Dua dekade lalu, Nurul Islam, 70, mencari nafkah dengan memancing di Sungai Buriganga yang mengalir di barat daya ibu kota Bangladesh, Dhaka, dan pernah menjadi garis hidupnya.
Sekarang, dengan hampir tidak ada ikan yang ditemukan di sungai “mati”, berkat polusi dari pembuangan limbah industri dan manusia yang meluas, Islam menjual makanan jalanan dari gerobak kecil di dekatnya untuk memenuhi kebutuhan.
“Dua puluh tahun lalu air sungai ini bagus. Itu penuh dengan kehidupan,” kata Islam, yang keluarganya telah tinggal di tepi sungai selama beberapa generasi.
“Kami biasa mandi di sungai. Ada banyak ikan… banyak dari kami dulu mencari nafkah dengan menangkap ikan di sungai. Sekarang skenario telah berubah.”
Buriganga, atau “Gangga Tua”, sangat tercemar sehingga airnya tampak hitam pekat – kecuali selama musim hujan – dan mengeluarkan bau busuk sepanjang tahun.
Negara Asia Selatan berpenduduk hampir 170 juta jiwa, dengan sekitar 23 juta jiwa tinggal di Dhaka, memiliki sekitar 220 sungai kecil dan besar, dan sebagian besar penduduknya bergantung pada sungai untuk mata pencaharian dan transportasi.
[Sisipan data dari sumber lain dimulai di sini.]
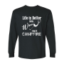 Life is Better with Wine- This cozy unisex Long Sleeve Tee is made for crisp mornings, late-night fires, and the kind of camping trip where the only rule is: if you’re unhappy… take a hike.
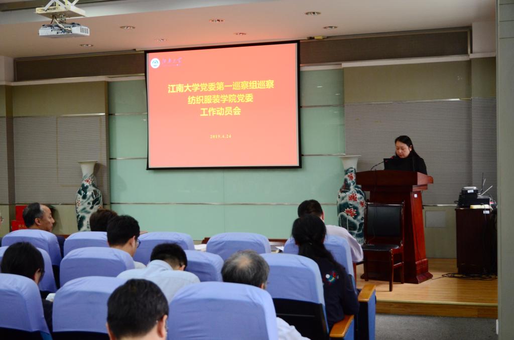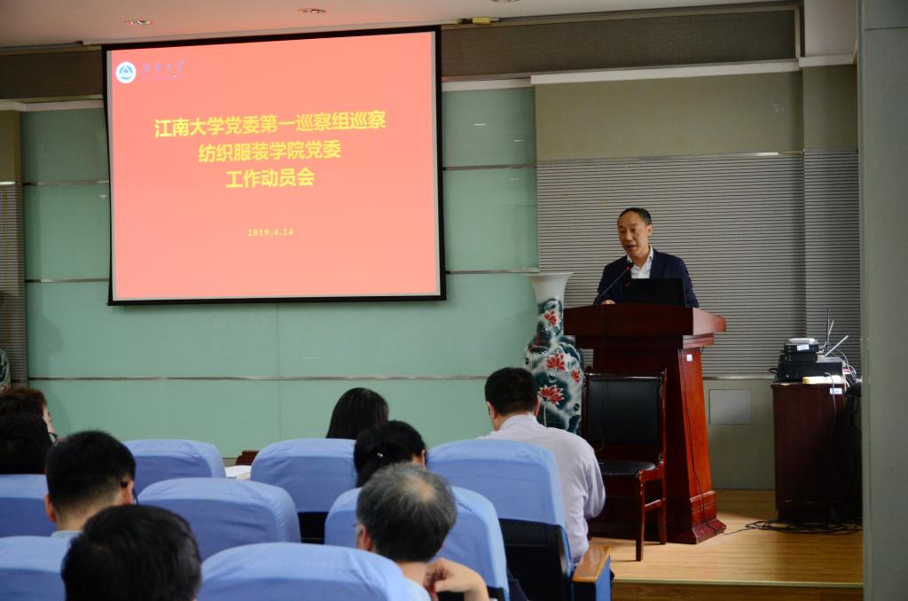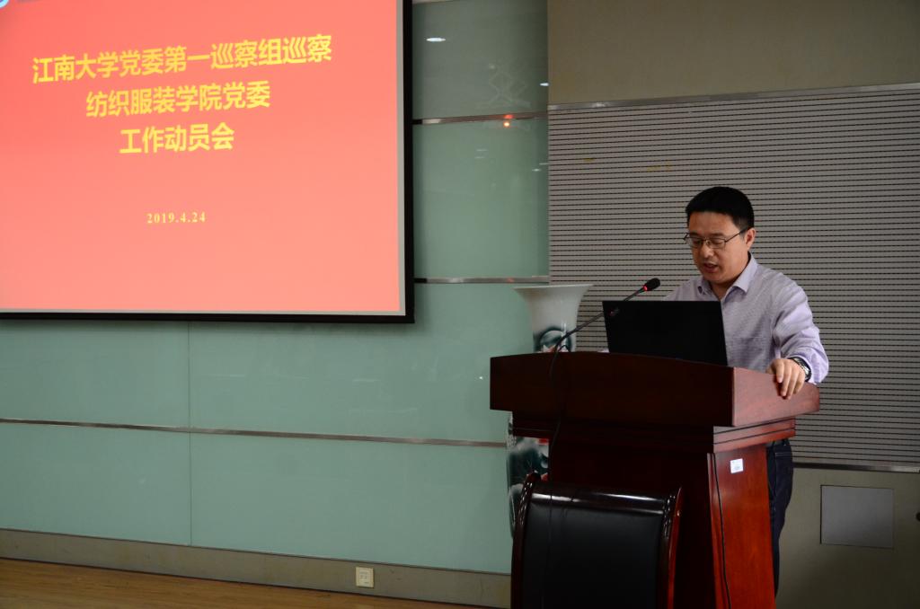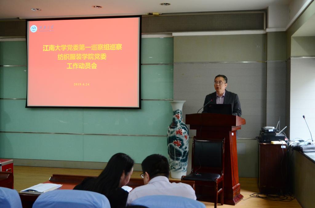 4月24日下午3:30,纺织服装学院在A103召开巡察工作动员会,校党委委员、校党委巡察工作领导小组成员、党委办公室主任、党委统战部部长兼保密办公室主任朱飞同志,江南大学党委第一巡察组组长校党委委员、校长办公室主任张光生同志,巡察组成员校纪委委员、资产经营管理公司党总支书记陈敏娟同志,校纪委委员、机关党委书记周建中同志、校团委书记王维同志,医学院党委秘书兼人事秘书包羽同志,纺织服装学院党政班子全体成员出席了会议,纺织服装学院共131名教职员工参加了会议。动员大会由纺织服装学院院长付少海主持。

Kehancuran daerah seperti Buriganga menjadi fokus yang lebih besar menjelang Hari Bumi, ketika orang-orang di seluruh dunia merayakan dan bergerak untuk mendukung perlindungan lingkungan.
Bangladesh adalah pengekspor garmen terbesar kedua di dunia setelah China, tetapi warga dan aktivis lingkungan mengatakan bahwa industri yang berkembang pesat juga merupakan kontributor utama degradasi ekologis sungai.
Limbah yang tidak diolah, produk sampingan dari cat kain dan limbah kimia lainnya dari pabrik dan pabrik terdekat mengalir setiap hari. Sampah plastik dan plastik yang menumpuk di dasar sungai membuat pendangkalan dan menyebabkan pergeseran arah.
“Mereka yang mandi di sungai ini sering menderita luka bakar di kulitnya,” kata Siddique Hawlader, 45 tahun, seorang tukang perahu yang tinggal di perahunya di sungai itu.
“Terkadang mata kita terasa gatal dan perih,” tambahnya.
Pada tahun 1995, Bangladesh mewajibkan semua unit industri untuk menggunakan pabrik pengolahan air limbah untuk menjaga polusi dari sungainya, tetapi industri sering mengabaikan aturan tersebut.
Sementara pemerintah secara teratur memeriksa untuk memastikan peraturan dipatuhi, mereka kekurangan staf untuk pemantauan “sepanjang waktu”, kata pejabat lingkungan Mohammad Masud Hasan Patwari.
Asosiasi Produsen dan Eksportir Garmen Bangladesh (BGMEA) mengatakan semua pabrik tekstil memiliki instalasi pengolahan air limbah untuk air limbah.
“Itu wajib dan tidak ada cara untuk melewatkan aturan karena harus memastikan kepatuhan dengan standar internasional,” kata Shahidullah Azim, salah satu pejabatnya.
Polusi di air sungai selama musim kemarau jauh di atas standar, survei terbaru oleh Pusat Penelitian Sungai dan Delta menunjukkan, yang mengidentifikasi limbah industri sebagai penyebab utama.
“Sungai Buriganga yang dulunya segar dan perkasa sekarang hampir mati karena pembuangan limbah industri dan manusia yang merajalela,” kata Sharif Jamil dari kelompok lingkungan Bangladesh Poribesh Andolon.
“Tidak ada ikan atau biota air di sungai ini saat musim kemarau. Kami menyebutnya kematian biologis.”